▸ **Assigned task**
I would like the lines below, from the one with "Сполоснуть ту же" through the one with "Тази твърда маска", copied exactly and without any pictures.

▸ **Information supplied**
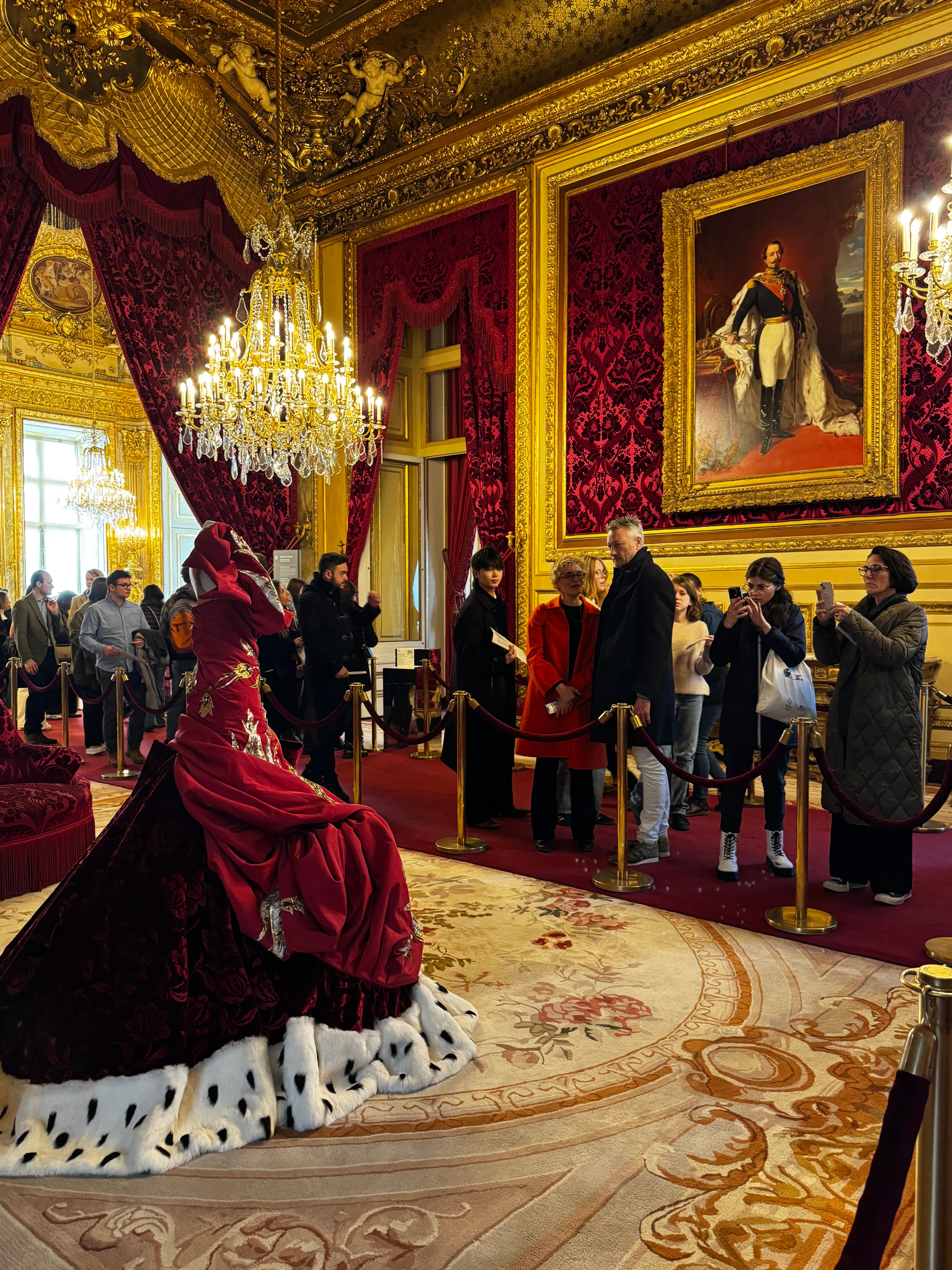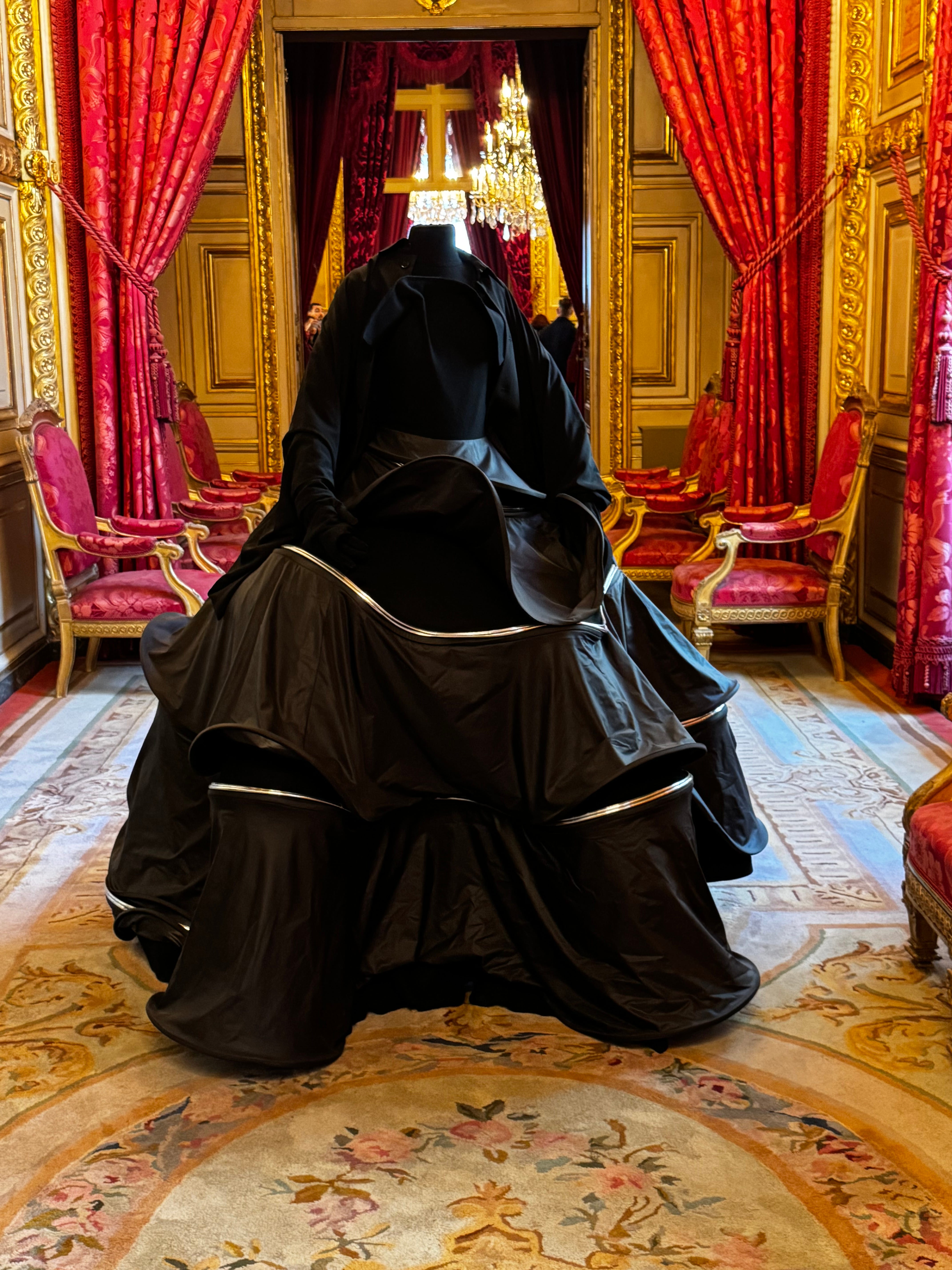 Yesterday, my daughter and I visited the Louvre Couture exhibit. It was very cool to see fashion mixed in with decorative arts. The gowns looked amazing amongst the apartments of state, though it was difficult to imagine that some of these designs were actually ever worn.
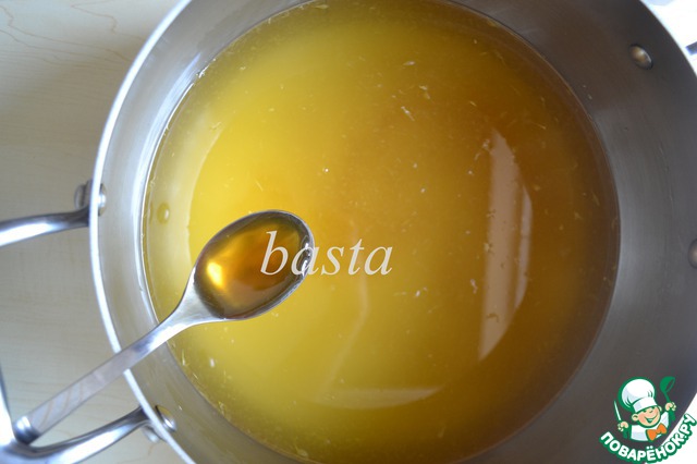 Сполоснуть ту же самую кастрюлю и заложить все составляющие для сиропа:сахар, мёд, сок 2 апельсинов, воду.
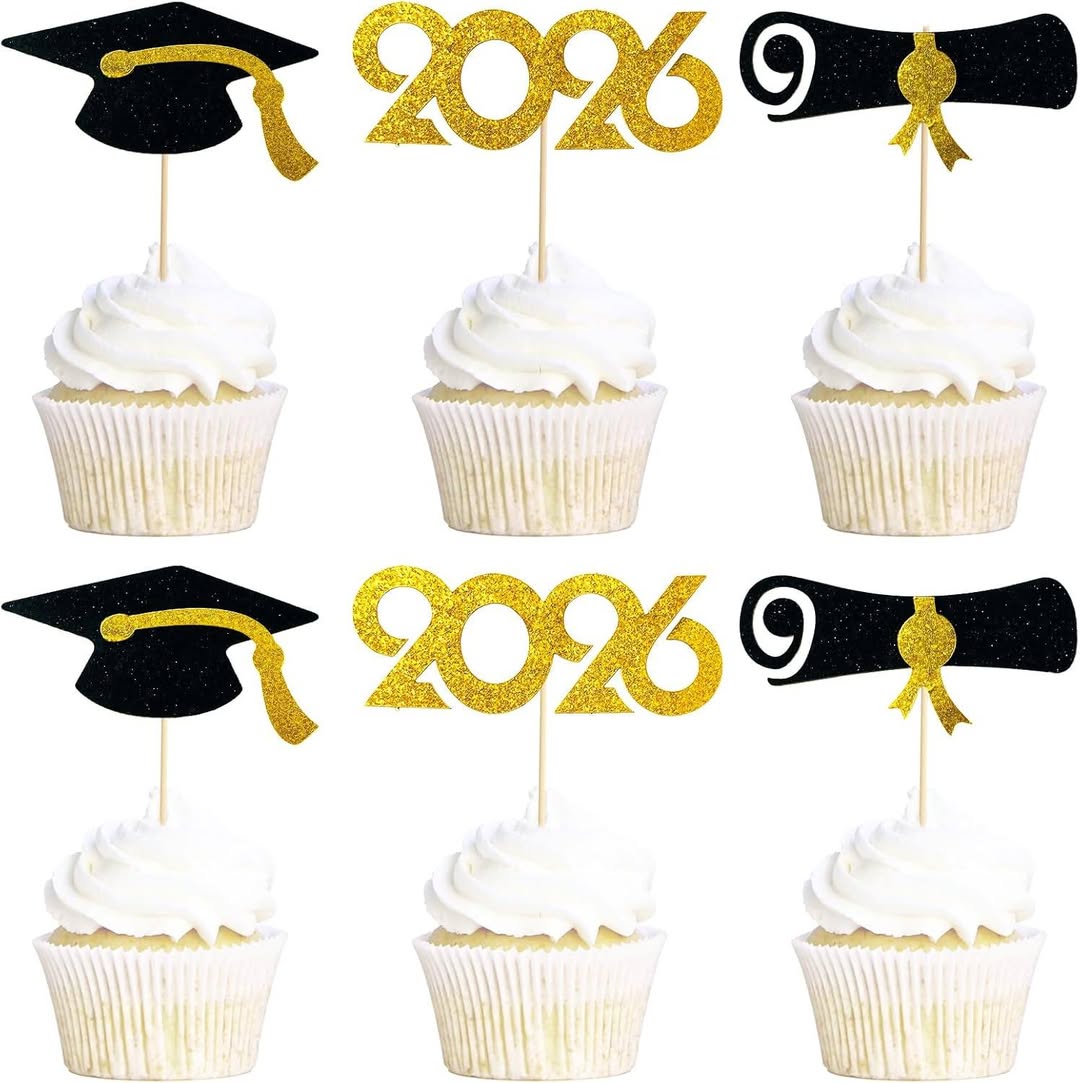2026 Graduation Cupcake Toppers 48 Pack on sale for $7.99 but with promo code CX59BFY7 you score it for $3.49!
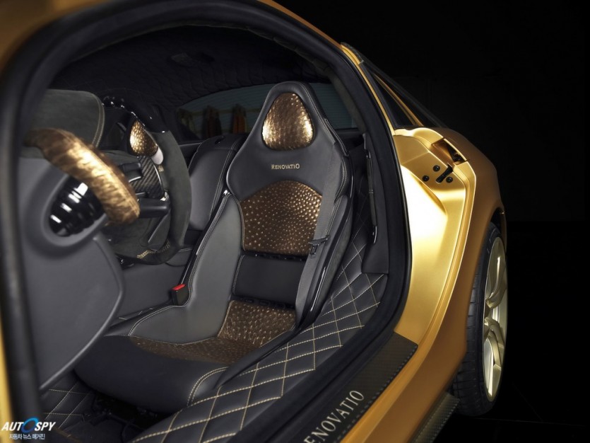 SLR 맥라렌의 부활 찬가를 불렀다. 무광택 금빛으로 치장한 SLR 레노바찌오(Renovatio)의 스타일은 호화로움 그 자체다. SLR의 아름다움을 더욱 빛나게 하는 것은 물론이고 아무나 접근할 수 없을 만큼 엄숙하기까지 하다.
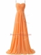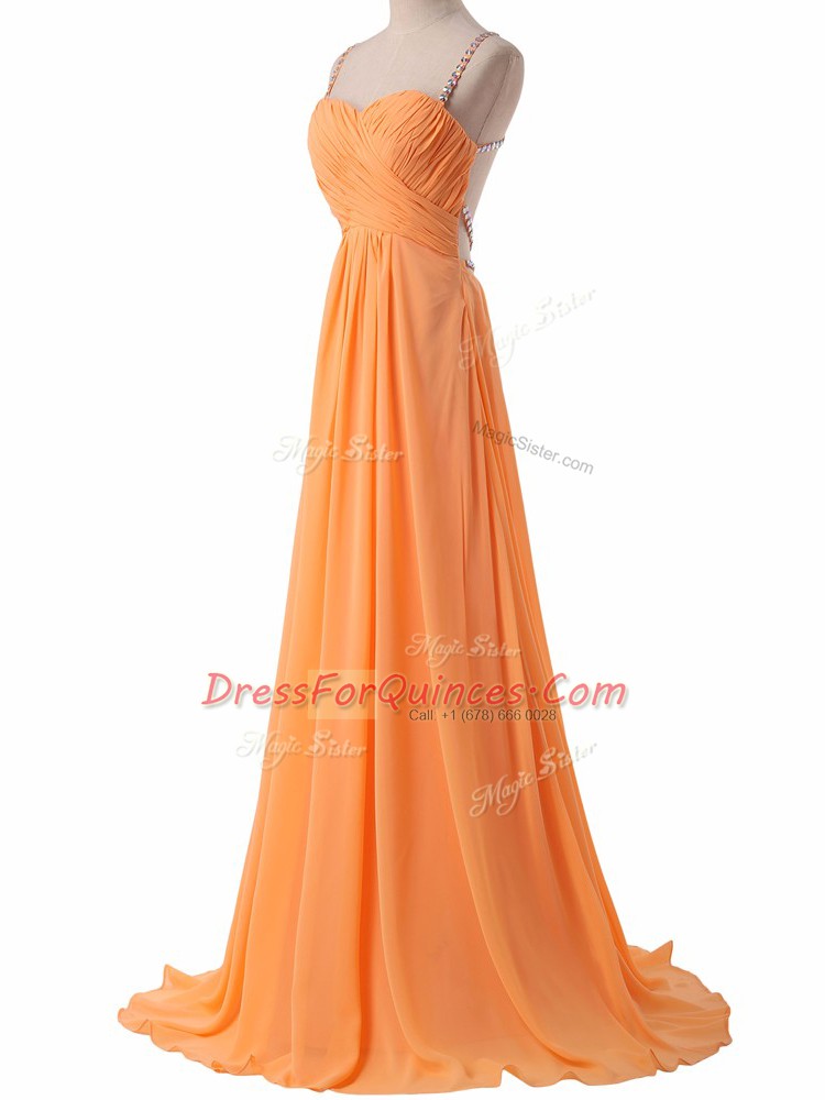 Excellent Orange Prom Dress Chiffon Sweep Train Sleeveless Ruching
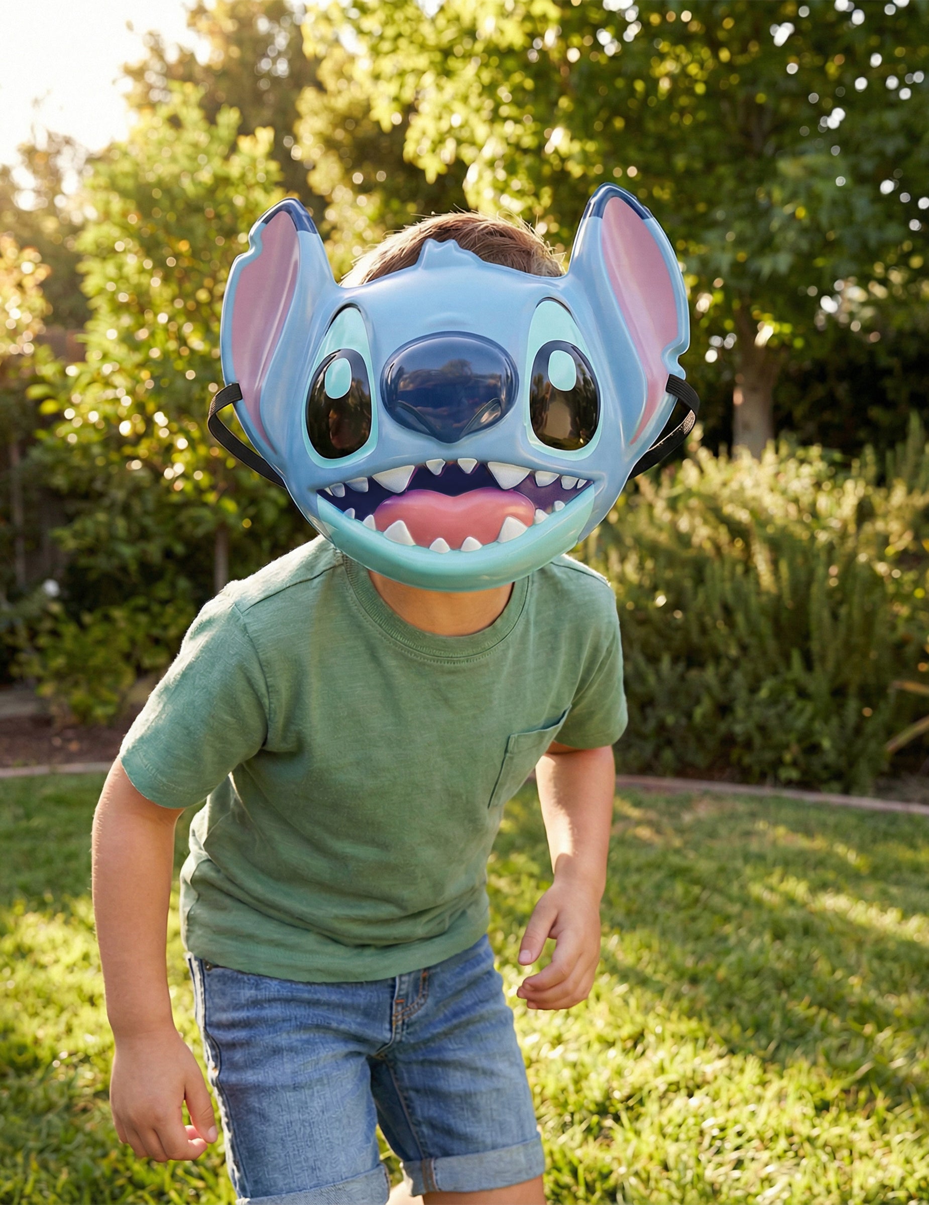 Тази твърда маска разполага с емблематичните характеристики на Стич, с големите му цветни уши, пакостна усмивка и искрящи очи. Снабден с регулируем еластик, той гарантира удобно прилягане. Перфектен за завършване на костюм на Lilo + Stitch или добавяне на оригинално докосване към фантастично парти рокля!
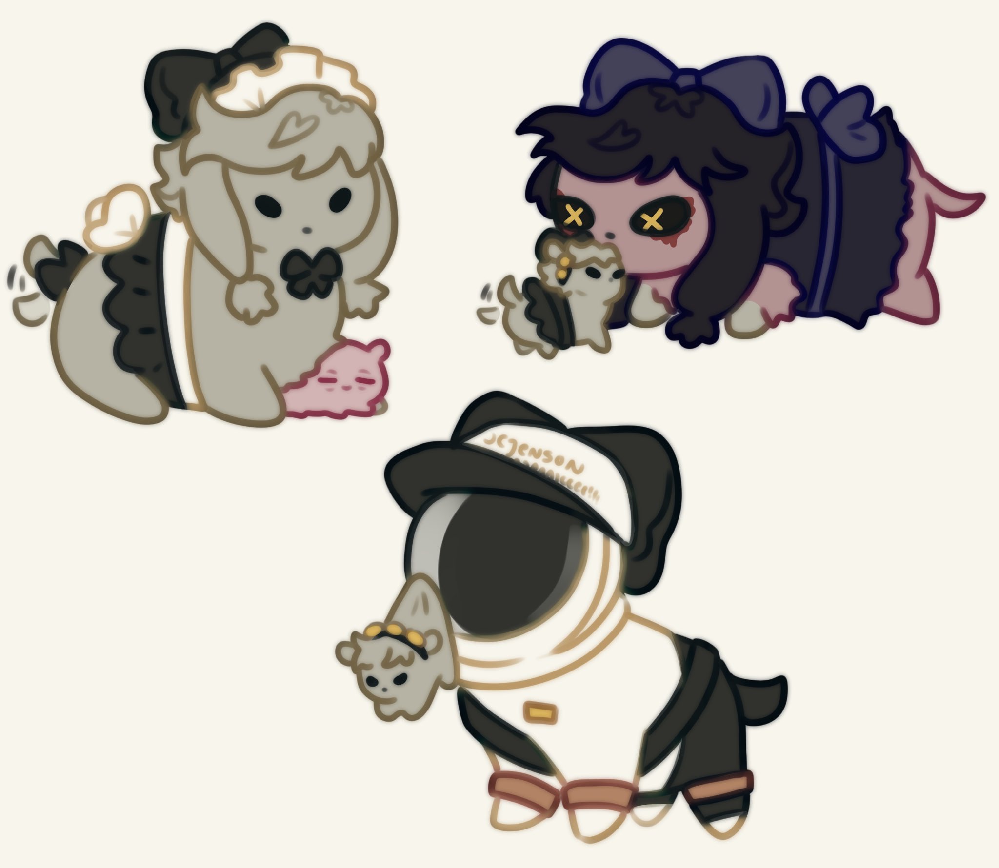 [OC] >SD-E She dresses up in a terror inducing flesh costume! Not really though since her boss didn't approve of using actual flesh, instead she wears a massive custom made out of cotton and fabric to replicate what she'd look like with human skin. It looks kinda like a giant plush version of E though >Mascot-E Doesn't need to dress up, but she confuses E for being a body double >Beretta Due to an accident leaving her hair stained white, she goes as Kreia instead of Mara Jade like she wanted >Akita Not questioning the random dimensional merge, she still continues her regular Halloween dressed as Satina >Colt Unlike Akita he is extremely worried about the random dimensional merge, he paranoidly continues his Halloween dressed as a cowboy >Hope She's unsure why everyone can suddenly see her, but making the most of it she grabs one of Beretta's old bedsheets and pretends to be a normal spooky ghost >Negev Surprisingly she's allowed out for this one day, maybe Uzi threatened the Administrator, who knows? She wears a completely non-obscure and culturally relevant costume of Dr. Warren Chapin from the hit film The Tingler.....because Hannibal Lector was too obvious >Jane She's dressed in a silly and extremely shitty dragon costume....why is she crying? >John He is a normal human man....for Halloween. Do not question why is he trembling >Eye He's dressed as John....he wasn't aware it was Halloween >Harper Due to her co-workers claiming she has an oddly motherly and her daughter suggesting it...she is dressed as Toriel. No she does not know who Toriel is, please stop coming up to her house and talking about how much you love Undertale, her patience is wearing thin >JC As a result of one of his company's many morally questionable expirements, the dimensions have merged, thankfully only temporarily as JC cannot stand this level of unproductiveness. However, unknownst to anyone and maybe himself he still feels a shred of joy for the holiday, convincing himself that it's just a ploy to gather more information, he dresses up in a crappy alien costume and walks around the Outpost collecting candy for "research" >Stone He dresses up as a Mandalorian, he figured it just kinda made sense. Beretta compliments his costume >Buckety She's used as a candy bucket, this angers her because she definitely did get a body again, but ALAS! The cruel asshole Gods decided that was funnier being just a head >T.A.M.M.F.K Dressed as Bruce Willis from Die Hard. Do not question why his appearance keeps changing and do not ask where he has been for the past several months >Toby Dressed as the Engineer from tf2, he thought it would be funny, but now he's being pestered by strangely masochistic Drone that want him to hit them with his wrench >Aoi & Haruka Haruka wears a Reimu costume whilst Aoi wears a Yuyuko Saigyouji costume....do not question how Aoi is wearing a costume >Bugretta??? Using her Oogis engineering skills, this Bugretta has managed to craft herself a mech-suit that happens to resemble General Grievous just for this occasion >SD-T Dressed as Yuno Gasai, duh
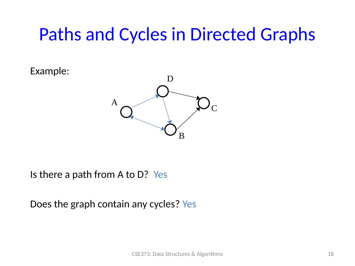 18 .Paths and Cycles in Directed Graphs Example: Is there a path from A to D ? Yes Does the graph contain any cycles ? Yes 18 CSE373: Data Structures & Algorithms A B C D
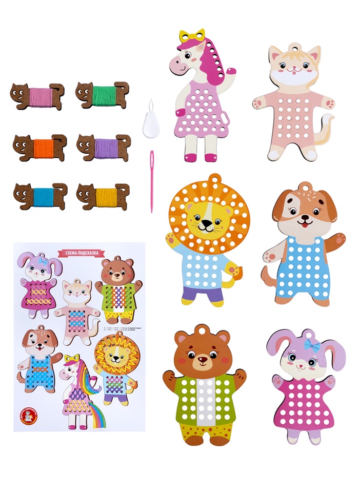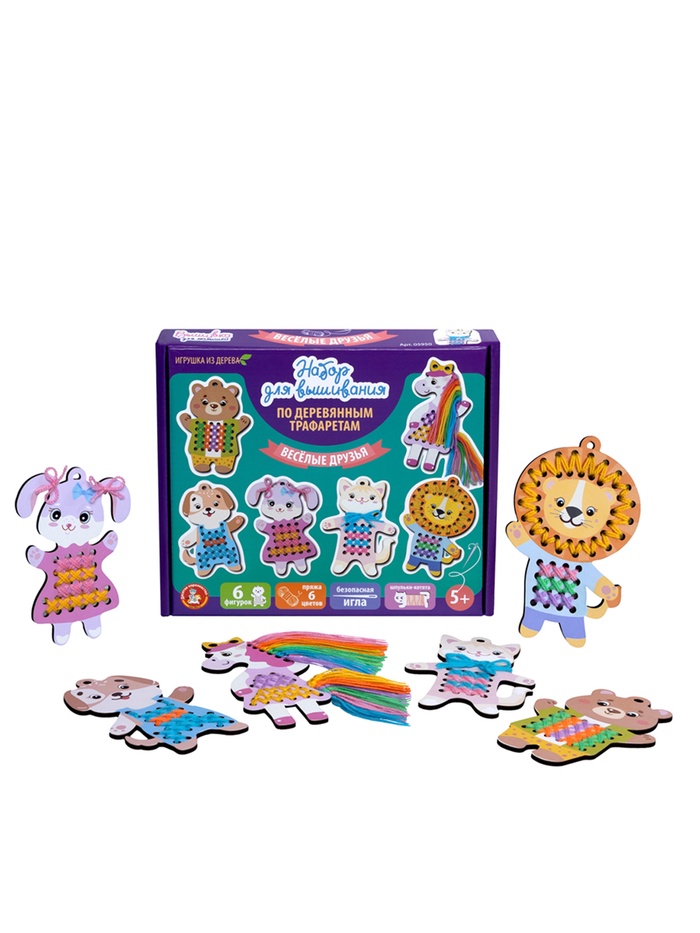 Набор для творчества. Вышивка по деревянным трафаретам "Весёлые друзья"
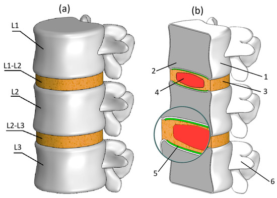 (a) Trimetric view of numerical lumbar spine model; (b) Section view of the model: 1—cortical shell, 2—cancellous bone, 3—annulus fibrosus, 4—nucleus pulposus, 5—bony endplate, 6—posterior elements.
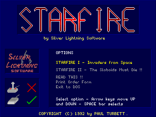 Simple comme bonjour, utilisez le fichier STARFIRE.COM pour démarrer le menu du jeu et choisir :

▸ **Problem solution**
 Сполоснуть ту же самую кастрюлю и заложить все составляющие для сиропа:сахар, мёд, сок 2 апельсинов, воду.
2026 Graduation Cupcake Toppers 48 Pack on sale for $7.99 but with promo code CX59BFY7 you score it for $3.49!
 SLR 맥라렌의 부활 찬가를 불렀다. 무광택 금빛으로 치장한 SLR 레노바찌오(Renovatio)의 스타일은 호화로움 그 자체다. SLR의 아름다움을 더욱 빛나게 하는 것은 물론이고 아무나 접근할 수 없을 만큼 엄숙하기까지 하다.
 Excellent Orange Prom Dress Chiffon Sweep Train Sleeveless Ruching
 Тази твърда маска разполага с емблематичните характеристики на Стич, с големите му цветни уши, пакостна усмивка и искрящи очи. Снабден с регулируем еластик, той гарантира удобно прилягане. Перфектен за завършване на костюм на Lilo + Stitch или добавяне на оригинално докосване към фантастично парти рокля!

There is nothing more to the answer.